DESCRIPTION OF THE TASK: Down to the last line, reproduce the data that follows, but skip the pictures.

DATA EXTRACT:

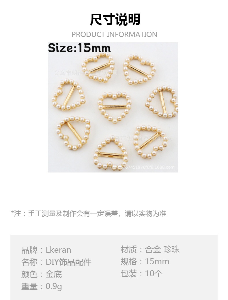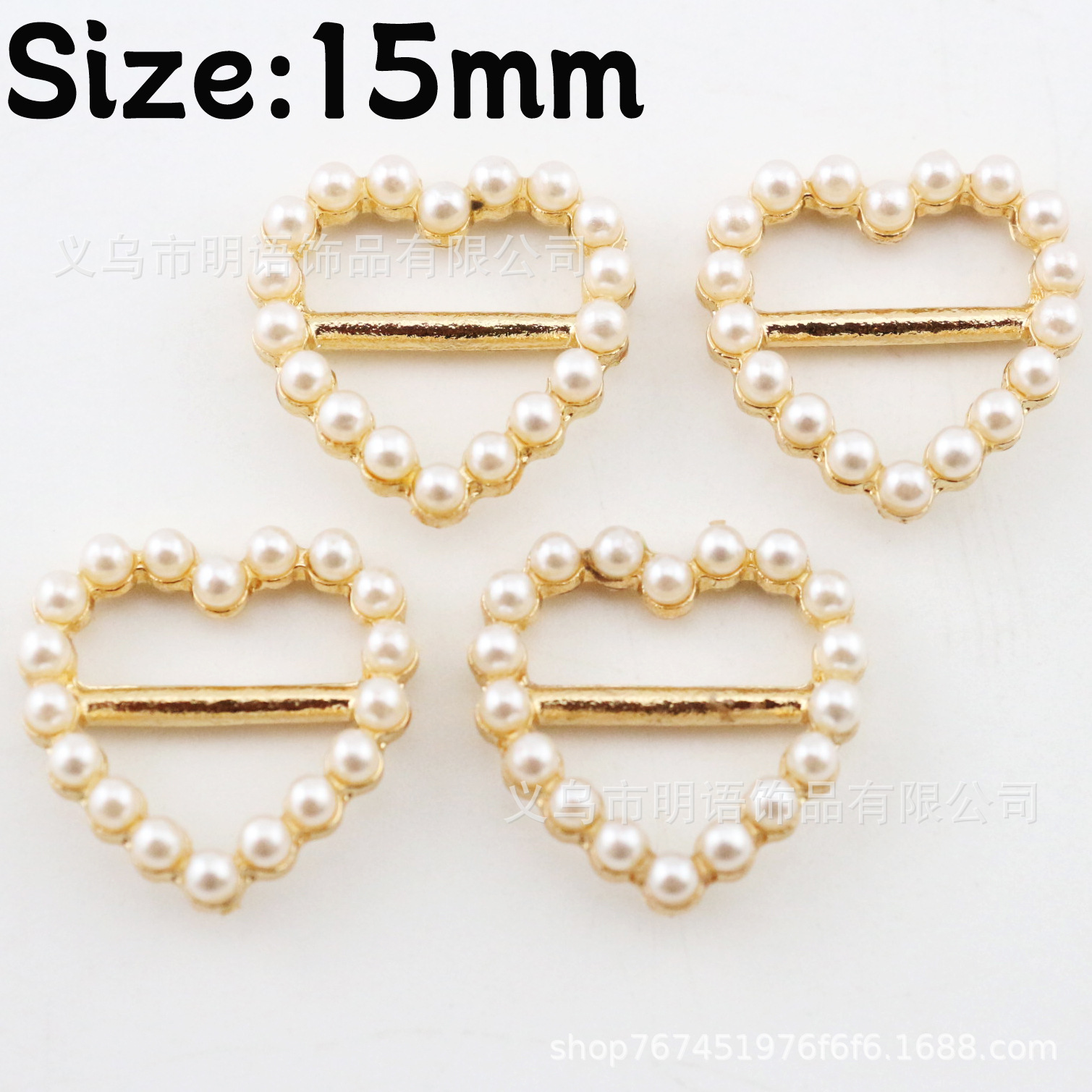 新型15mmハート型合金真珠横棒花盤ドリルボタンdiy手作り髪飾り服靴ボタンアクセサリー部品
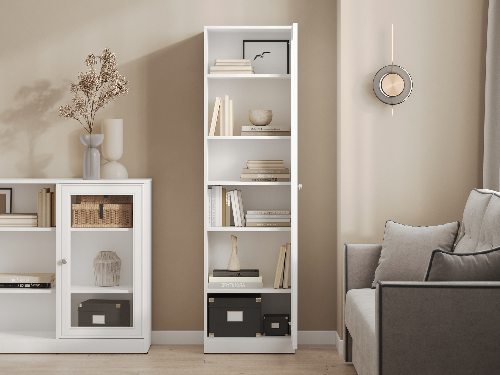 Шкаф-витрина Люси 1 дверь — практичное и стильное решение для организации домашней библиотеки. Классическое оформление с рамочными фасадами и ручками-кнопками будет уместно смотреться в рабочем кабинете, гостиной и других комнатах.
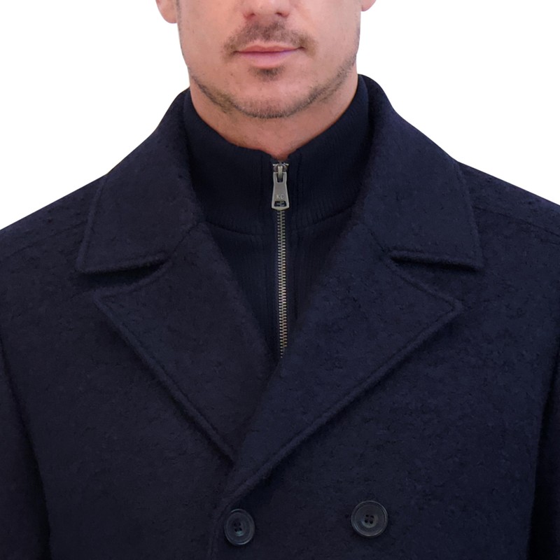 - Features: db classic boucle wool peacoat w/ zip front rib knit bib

ANSWER BOX:
 新型15mmハート型合金真珠横棒花盤ドリルボタンdiy手作り髪飾り服靴ボタンアクセサリー部品
 Шкаф-витрина Люси 1 дверь — практичное и стильное решение для организации домашней библиотеки. Классическое оформление с рамочными фасадами и ручками-кнопками будет уместно смотреться в рабочем кабинете, гостиной и других комнатах.
 - Features: db classic boucle wool peacoat w/ zip front rib knit bib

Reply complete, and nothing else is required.